══ DATA FOR THE TASK

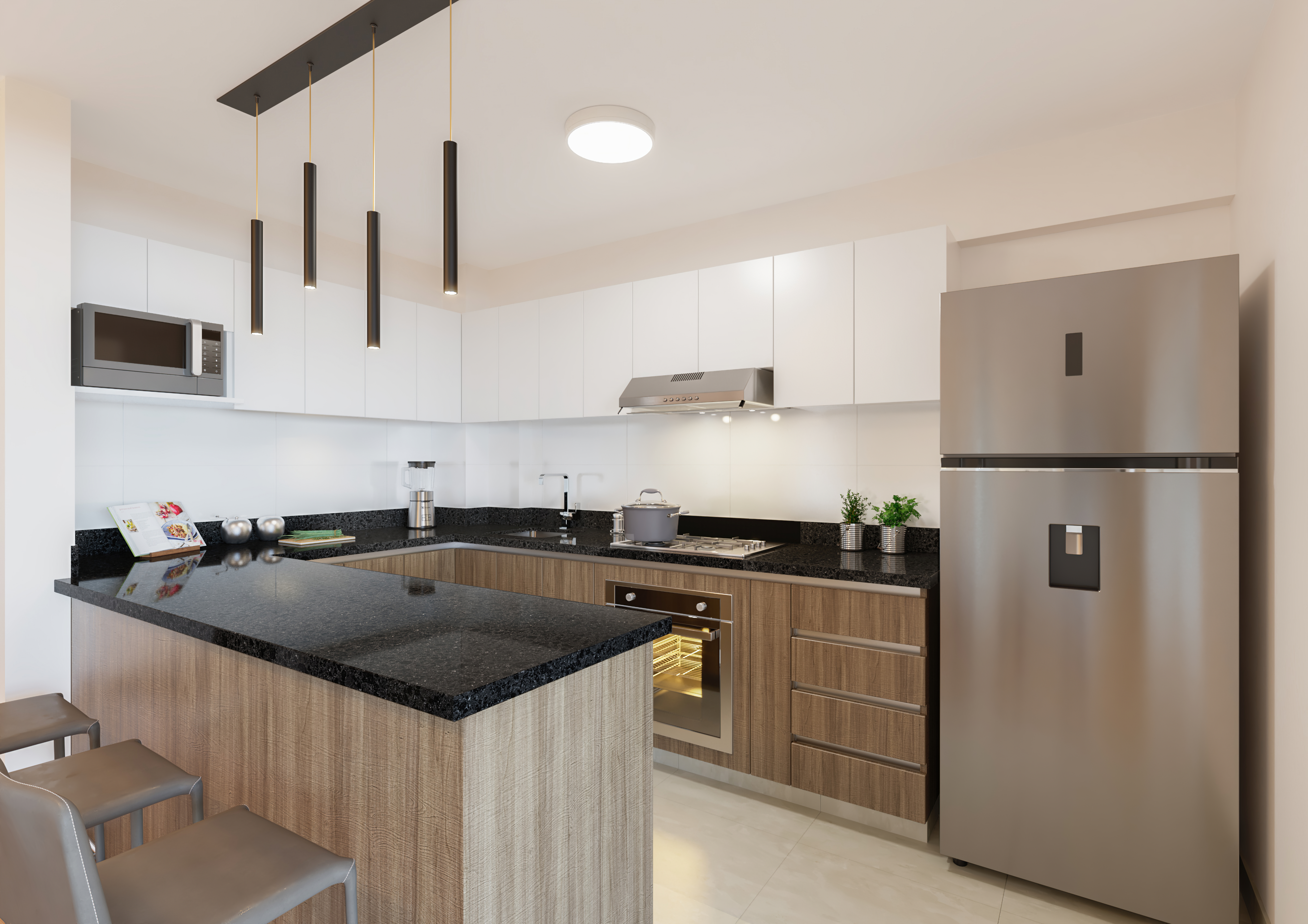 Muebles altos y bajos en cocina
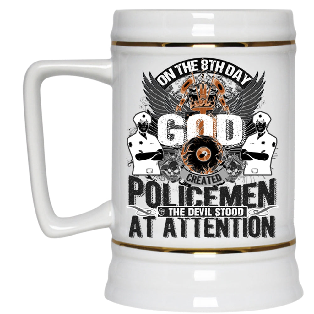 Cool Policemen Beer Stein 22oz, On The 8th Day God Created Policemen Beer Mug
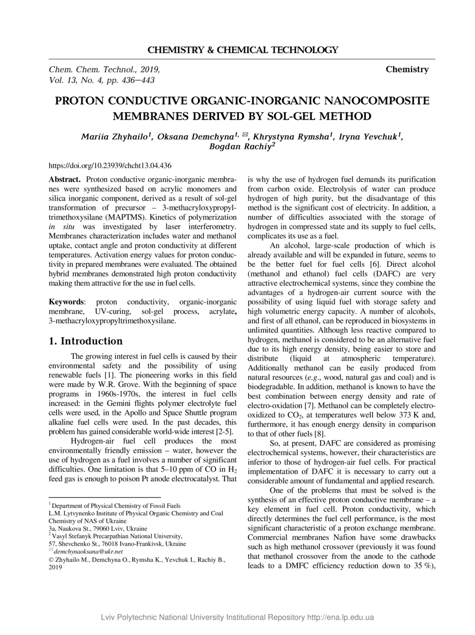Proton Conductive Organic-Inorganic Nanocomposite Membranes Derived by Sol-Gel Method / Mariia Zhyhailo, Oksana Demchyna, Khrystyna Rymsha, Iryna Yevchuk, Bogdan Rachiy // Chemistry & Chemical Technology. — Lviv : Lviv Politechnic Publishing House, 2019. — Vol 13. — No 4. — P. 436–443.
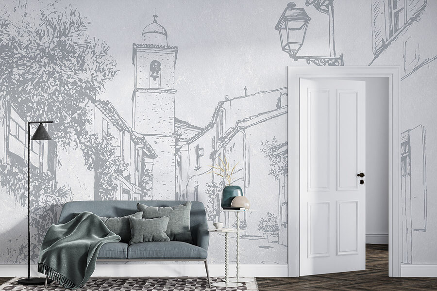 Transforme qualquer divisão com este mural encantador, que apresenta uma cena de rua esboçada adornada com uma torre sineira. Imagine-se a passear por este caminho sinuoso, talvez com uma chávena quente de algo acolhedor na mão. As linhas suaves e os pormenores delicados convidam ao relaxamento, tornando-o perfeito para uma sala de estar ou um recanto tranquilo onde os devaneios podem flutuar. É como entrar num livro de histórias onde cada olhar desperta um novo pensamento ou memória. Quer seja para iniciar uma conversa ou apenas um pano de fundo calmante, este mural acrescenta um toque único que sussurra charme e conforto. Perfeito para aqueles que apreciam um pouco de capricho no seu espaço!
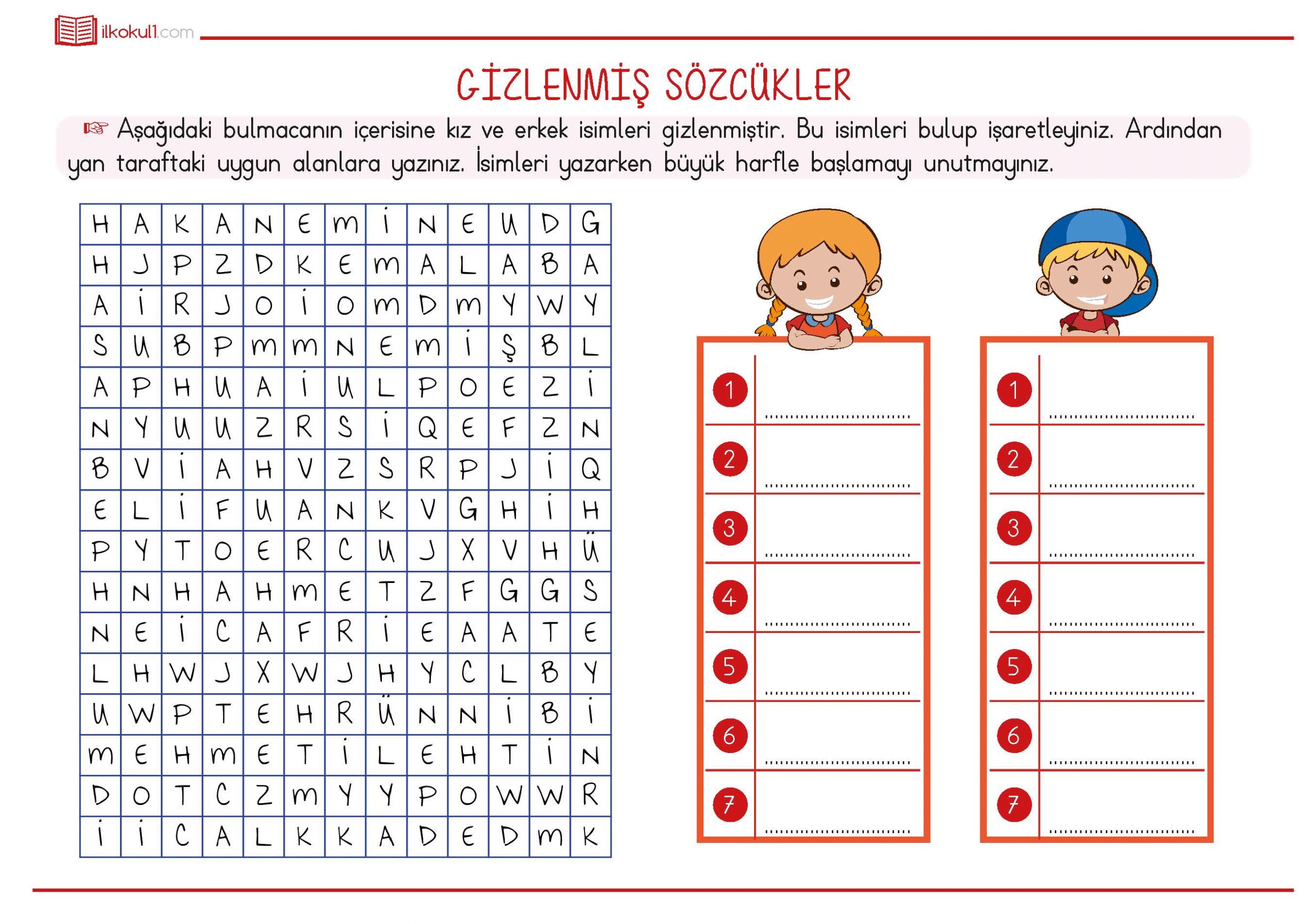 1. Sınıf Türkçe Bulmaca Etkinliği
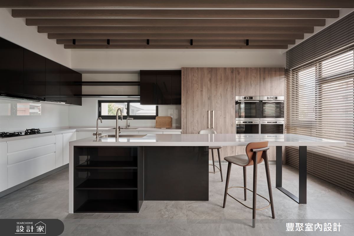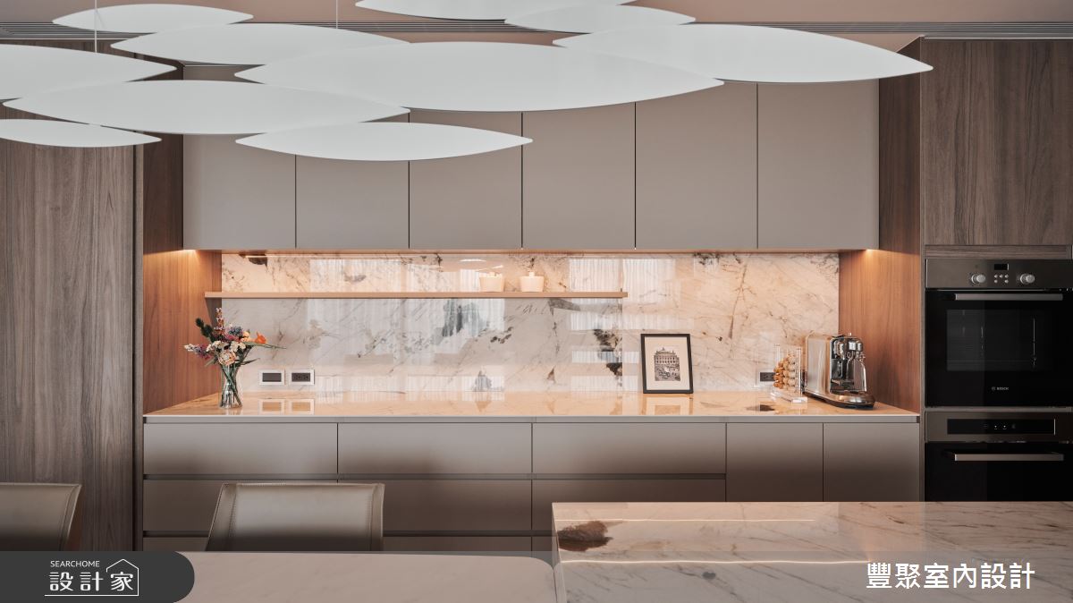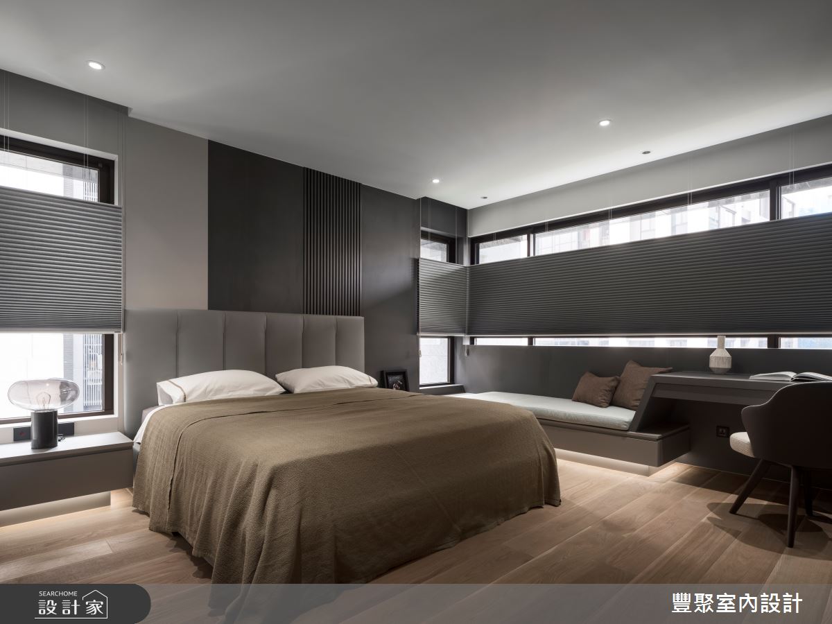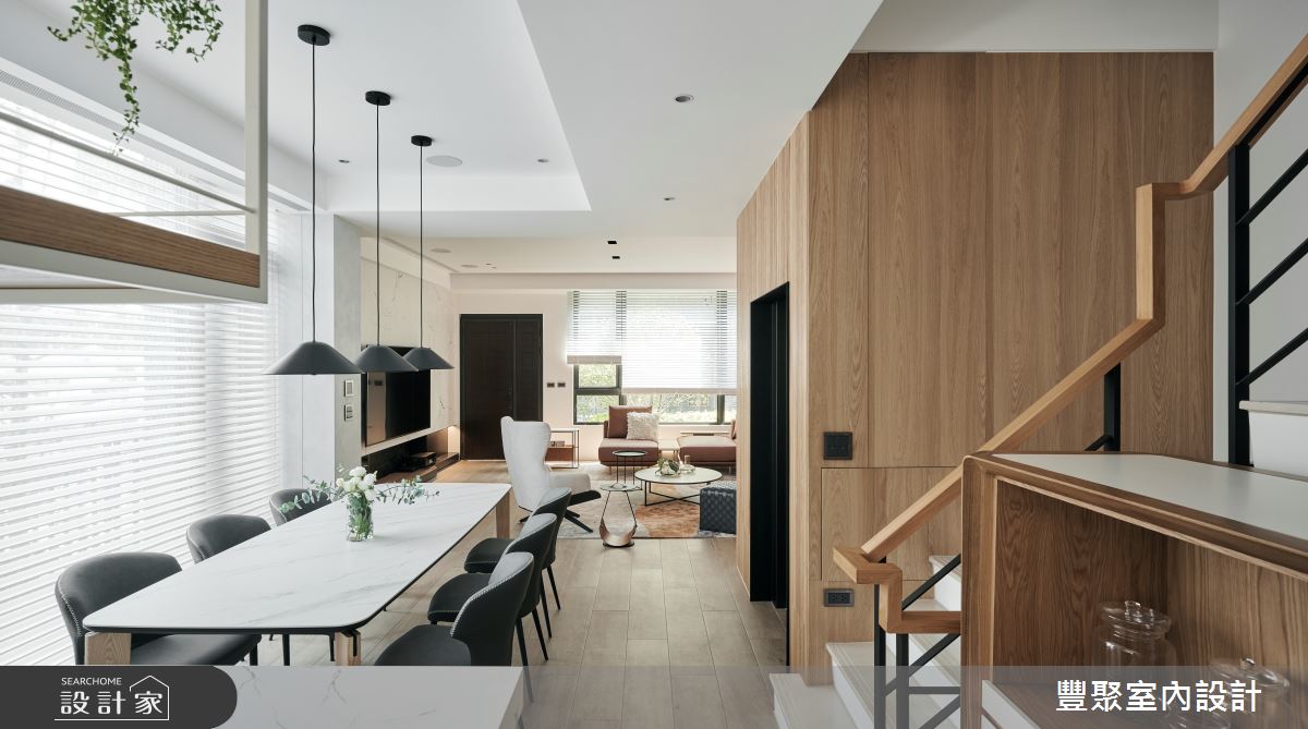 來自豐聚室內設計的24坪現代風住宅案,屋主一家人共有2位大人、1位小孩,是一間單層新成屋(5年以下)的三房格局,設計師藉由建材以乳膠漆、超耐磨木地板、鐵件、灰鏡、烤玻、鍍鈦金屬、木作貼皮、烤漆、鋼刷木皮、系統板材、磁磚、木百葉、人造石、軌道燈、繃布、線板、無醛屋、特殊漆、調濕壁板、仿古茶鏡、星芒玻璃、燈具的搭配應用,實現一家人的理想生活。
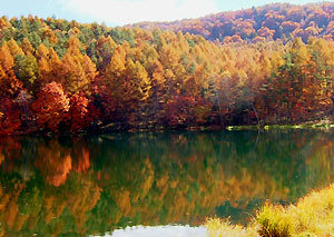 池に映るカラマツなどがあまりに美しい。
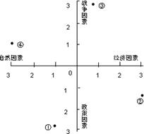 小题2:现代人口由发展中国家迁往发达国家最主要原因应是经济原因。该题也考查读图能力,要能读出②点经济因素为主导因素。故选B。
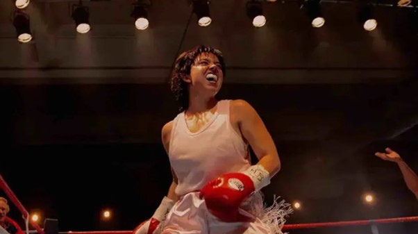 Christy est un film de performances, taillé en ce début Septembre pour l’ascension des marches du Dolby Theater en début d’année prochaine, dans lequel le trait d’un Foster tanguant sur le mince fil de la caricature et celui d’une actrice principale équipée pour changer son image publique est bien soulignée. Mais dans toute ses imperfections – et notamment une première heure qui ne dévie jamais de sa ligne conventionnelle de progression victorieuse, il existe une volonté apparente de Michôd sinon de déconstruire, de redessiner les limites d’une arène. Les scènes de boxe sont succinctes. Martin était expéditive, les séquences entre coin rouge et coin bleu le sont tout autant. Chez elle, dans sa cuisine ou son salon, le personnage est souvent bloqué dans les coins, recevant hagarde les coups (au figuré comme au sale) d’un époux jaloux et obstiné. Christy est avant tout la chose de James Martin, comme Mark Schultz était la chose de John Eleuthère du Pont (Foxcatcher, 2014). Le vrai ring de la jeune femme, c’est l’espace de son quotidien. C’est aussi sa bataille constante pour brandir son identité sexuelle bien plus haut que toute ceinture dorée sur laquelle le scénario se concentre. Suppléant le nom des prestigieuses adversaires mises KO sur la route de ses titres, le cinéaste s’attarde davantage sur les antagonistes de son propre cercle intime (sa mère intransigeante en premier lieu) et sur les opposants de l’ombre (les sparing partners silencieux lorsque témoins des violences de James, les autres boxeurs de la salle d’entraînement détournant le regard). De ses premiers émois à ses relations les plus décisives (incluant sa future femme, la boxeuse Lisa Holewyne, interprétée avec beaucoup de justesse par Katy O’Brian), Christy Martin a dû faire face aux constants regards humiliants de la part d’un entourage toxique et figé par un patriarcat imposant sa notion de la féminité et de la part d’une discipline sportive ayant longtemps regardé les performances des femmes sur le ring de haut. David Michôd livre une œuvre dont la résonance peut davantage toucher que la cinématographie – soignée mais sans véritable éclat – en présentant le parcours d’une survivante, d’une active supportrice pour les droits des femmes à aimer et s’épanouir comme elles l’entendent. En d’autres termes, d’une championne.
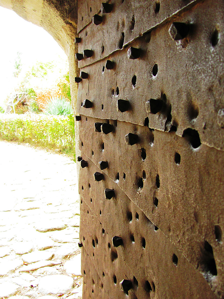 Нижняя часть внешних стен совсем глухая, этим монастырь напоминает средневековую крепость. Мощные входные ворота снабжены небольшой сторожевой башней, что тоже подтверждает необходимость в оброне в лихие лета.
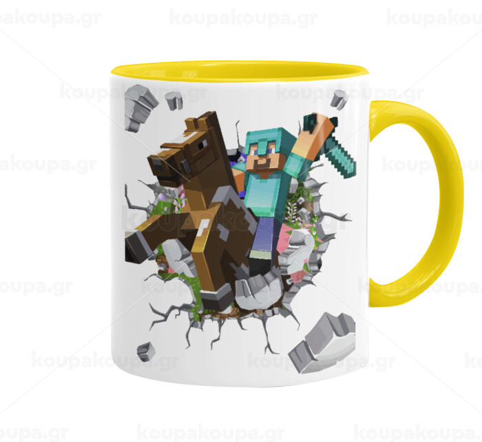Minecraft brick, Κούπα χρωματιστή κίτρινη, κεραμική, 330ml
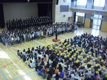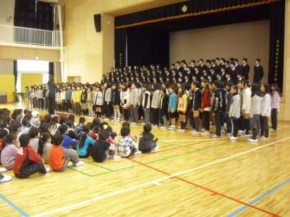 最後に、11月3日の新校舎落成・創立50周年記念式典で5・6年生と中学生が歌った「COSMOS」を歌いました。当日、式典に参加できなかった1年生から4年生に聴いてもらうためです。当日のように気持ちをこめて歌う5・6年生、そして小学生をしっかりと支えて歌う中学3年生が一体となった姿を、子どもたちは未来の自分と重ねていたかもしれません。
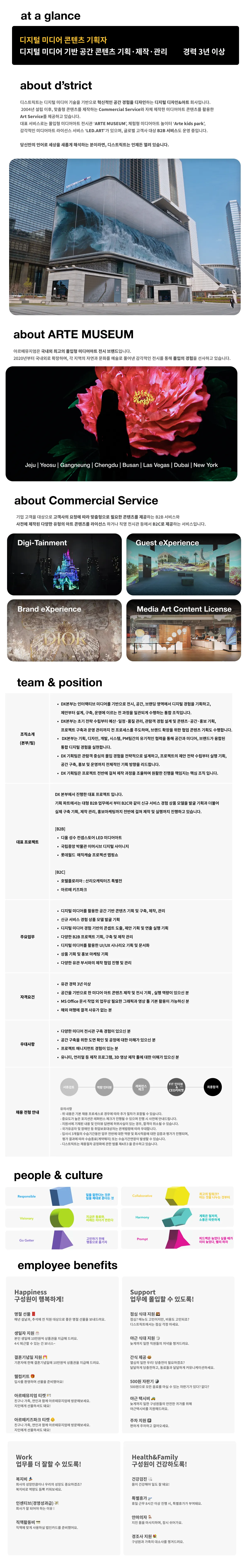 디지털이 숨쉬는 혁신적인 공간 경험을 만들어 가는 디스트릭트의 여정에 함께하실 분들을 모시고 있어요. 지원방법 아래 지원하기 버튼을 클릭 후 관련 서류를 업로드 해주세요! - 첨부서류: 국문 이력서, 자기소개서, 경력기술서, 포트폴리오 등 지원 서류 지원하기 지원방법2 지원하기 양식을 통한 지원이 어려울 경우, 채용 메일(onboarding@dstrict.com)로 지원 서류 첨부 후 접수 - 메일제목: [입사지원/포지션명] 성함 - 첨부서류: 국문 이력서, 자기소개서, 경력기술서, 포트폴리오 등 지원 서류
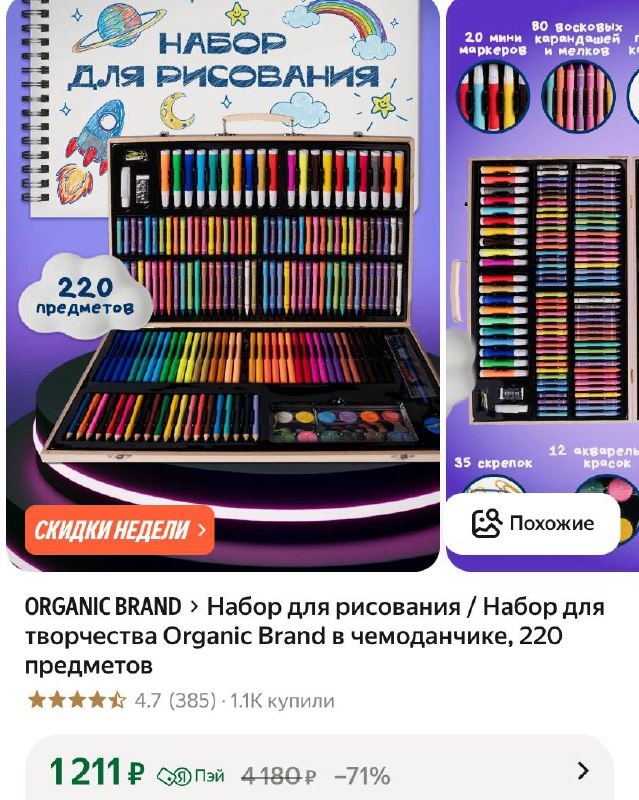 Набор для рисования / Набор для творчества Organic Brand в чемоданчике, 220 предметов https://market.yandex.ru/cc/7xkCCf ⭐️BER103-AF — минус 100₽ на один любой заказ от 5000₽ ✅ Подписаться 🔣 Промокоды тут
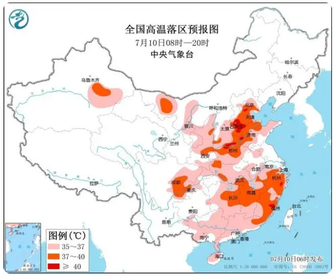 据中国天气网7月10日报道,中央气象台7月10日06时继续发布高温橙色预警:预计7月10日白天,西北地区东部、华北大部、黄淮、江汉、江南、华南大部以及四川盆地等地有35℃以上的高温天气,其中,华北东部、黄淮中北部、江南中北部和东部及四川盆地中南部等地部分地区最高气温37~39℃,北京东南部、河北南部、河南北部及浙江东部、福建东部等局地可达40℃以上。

════

### WHAT IS REQUIRED
Using the material above, transcribe exactly the lines from the one holding "池に映るカラマツなどがあまりに美しい。" to the one holding "小题2:现代人口由发展中国家", both ends kept. Do not carry over any pictures.

### REPLY TO THE TASK
 池に映るカラマツなどがあまりに美しい。
 小题2:现代人口由发展中国家迁往发达国家最主要原因应是经济原因。该题也考查读图能力,要能读出②点经济因素为主导因素。故选B。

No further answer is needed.